The makers of Stella Artois and Benson & Hedges were last night among 35 companies ordered to stump up more than half a billion pounds in unpaid taxes after deals they had with the Belgian government were ruled illegal.

European Commission competition officials said Belgium had wrongly given tax breaks worth 700million euros (£524m) under a scheme that helped multinationals reduce their taxable profits by up to 90 per cent.

British American Tobacco, which makes Dunhill, Lucky Strike and Pall Mall, and brewer AB Inbev, whose brands include Budweiser, Corona and Beck’s, were named as among the companies that had benefited.

Competition Commissioner Margrethe Vestager said: ‘The European Commission has concluded that selective tax advantages granted by Belgium under its “excess profit” tax scheme are illegal under EU state aid rules.

‘Belgium has given a select number of multinationals substantial tax advantages that break EU state aid rules. It distorts competition on the merits by putting smaller competitors who are not multinational on an unequal footing.’

Under the tax scheme, launched in 2005 with the tagline ‘Only in Belgium’, international companies were encouraged to invest in the country with the promise they could cut their tax bills.

Instead of paying tax on their full profits, companies were taxed on hypothetical profits of what it was estimated a smaller company without their international scale and global brand recognition would earn.

The EU tax investigation follows those looking at Apple’s deals with Ireland, coffee-shop chain Starbucks’s arrangements with The Netherlands and McDonald’s with Luxembourg.

In October, the Commission decided that Luxembourg and the Netherlands had granted unfair tax advantages to Fiat and Starbucks, respectively, and ordered the firms to repay some taxes.

EU rules say some tax breaks offered to big companies breach the bloc’s rules on state aid, as they amount to a government subsidy that is aimed at attracting multinationals to do business in certain countries.

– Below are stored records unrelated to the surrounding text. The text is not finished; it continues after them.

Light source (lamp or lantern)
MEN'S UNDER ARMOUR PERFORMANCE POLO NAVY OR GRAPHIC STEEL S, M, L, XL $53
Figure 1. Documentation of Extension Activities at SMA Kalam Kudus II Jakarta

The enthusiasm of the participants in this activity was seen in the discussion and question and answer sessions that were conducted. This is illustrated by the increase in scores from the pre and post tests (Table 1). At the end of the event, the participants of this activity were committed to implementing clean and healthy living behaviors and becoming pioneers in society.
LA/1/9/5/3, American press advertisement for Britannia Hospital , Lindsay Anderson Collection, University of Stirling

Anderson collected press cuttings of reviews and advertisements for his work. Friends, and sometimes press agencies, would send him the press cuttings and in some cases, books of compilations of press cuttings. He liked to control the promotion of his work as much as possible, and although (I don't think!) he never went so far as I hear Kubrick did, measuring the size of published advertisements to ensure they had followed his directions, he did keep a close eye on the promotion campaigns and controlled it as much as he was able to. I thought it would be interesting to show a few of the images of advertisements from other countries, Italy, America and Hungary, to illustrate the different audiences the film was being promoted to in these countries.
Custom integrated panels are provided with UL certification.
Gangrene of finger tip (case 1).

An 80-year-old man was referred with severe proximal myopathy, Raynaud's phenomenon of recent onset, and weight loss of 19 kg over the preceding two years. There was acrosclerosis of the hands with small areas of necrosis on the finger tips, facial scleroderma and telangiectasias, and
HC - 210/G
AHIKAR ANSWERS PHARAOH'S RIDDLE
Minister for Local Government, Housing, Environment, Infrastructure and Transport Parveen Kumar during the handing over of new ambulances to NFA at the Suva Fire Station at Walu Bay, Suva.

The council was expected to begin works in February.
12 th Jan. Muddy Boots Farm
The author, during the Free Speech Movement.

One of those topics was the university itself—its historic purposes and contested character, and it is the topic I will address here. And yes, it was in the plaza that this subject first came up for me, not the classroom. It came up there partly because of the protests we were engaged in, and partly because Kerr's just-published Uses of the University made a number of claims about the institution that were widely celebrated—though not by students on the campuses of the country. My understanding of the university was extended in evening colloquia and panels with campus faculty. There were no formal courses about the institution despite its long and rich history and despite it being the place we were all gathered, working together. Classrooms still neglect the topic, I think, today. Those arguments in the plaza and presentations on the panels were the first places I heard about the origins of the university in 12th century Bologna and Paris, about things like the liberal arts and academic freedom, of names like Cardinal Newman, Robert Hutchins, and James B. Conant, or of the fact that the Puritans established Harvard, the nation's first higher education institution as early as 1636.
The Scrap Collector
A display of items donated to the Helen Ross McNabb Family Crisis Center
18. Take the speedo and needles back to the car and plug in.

Belgian finance minister Johan Van Overtveldt yesterday said: ‘At this point we do not exclude any option. This also applies to the possibility of an appeal against the decision.’

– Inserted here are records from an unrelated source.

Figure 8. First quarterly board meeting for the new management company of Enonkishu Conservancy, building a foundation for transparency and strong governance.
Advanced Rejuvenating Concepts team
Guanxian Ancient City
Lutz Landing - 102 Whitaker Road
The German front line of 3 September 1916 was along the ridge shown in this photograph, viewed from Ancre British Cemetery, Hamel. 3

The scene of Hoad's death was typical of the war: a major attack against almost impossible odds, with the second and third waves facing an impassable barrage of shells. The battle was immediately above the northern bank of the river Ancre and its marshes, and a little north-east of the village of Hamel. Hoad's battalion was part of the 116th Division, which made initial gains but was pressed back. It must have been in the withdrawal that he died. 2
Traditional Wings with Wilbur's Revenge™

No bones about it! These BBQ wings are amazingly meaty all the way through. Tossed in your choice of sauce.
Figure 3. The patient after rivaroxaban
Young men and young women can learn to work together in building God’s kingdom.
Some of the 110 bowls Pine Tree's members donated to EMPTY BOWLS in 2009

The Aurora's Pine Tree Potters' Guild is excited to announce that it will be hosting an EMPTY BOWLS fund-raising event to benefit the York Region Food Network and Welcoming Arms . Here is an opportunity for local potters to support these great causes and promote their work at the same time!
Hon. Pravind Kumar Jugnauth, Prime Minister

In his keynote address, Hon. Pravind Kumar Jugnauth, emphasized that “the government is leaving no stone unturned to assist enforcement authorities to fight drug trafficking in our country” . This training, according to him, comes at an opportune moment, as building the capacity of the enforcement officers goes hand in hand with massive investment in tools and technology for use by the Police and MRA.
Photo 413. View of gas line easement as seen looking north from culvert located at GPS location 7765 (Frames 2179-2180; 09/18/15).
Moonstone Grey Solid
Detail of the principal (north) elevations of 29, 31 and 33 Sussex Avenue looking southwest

An AB Inbev spokesman said: ‘While we are disappointed by this decision, we remain confident that our tax rulings are in full compliance with the EU jurisprudence on state aid and that we have always complied with Belgian and international tax provisions.

‘We will consider our options, taking into account the reactions by the Belgian authorities.’

British American Tobacco did not respond to a request for comment.